Nie przeszkadza mi, że w mojej akcji miały udział jaki miały – to nie ma dla mnie znaczenia w tej sprawie. Czasem więcej się dowiesz od wroga niż od przyjaciela.
Poprosiłem też o wyjaśnienie Jareckiego i zaraz poproszę Sergiusza – na priv.
Grześ – piszesz, że się cieszą, że tu coś złego – fakt, ale przecież całe TXT powstało spontanicznie w wyniku “złego dziania sie” na S24. Przecież zadymy na S24 nie przechodziły tu zupełnie bez echa. Te dwie strony są ze sobą w emocjonalny sposób powiązane, więc Twoja opinia, choć zgodna z faktami, jest merytorycznie nie istotna, bo oczywista.
Ja rozumiem, że niektórzy są teraz bardziej związani z TXT i wszystko co się dzieje na S24 jest dla nich niejako przeciw nim – ale tak się rodzą wielkie rozczarowania na koniec. Ja po prostu jestem daleki od fałszywej lojalności i solidarności – fałszywej w sensie skutków a nie intencji.
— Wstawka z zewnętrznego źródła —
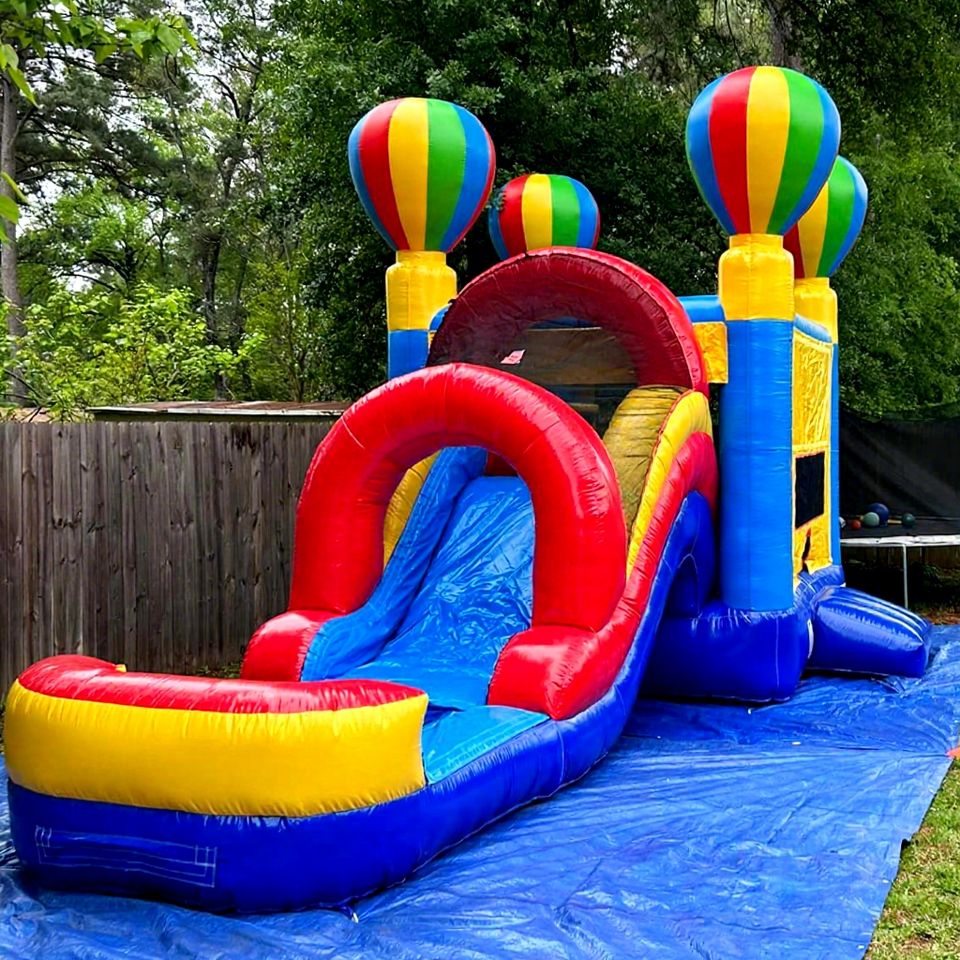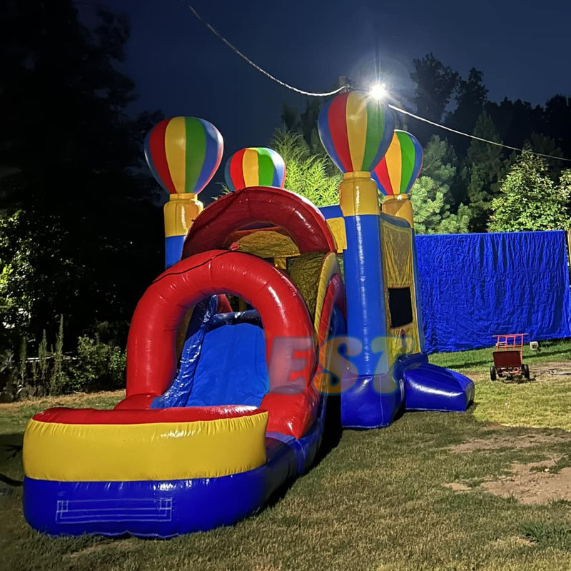 Château gonflable combiné avec ballon à air chaud, toboggan aquatique gonflable extérieur, château gonflable avec toboggan

Możesz w jak najlepszej wierze bronić S24 lub TXT a na koniec się okazuje, że nie wiedziałeś wszystkiego i jesteś w dupie… Oczywiście mogę się mylić ale właśnie dlatego pytam.
Jak co jestem do dyspozycji pod GG 1984964
Parakalein
Parakalein -- 02.04.2008 - 11:58Parakaleinie Szanowny
A co to są “Chodoki”? Bo u nas w Szczawnicy słowo raczej nieznane.
Pozdrowienia
Lorenzo -- 02.04.2008 - 12:12@ Lorenzo
Chłopaki – musi być znane :)
jak Dziopy
Parakalein
Parakalein -- 02.04.2008 - 12:51Ja tam bardziej za panienkami jestem, Drogi P.,
w związku z czym “dziopy” jest mi znane :-))
Pozdrowienia
Lorenzo -- 02.04.2008 - 12:57Parakalein,
nie jestem przeciw na S24, nawet dużo osób, co pisza tylko tam lubię.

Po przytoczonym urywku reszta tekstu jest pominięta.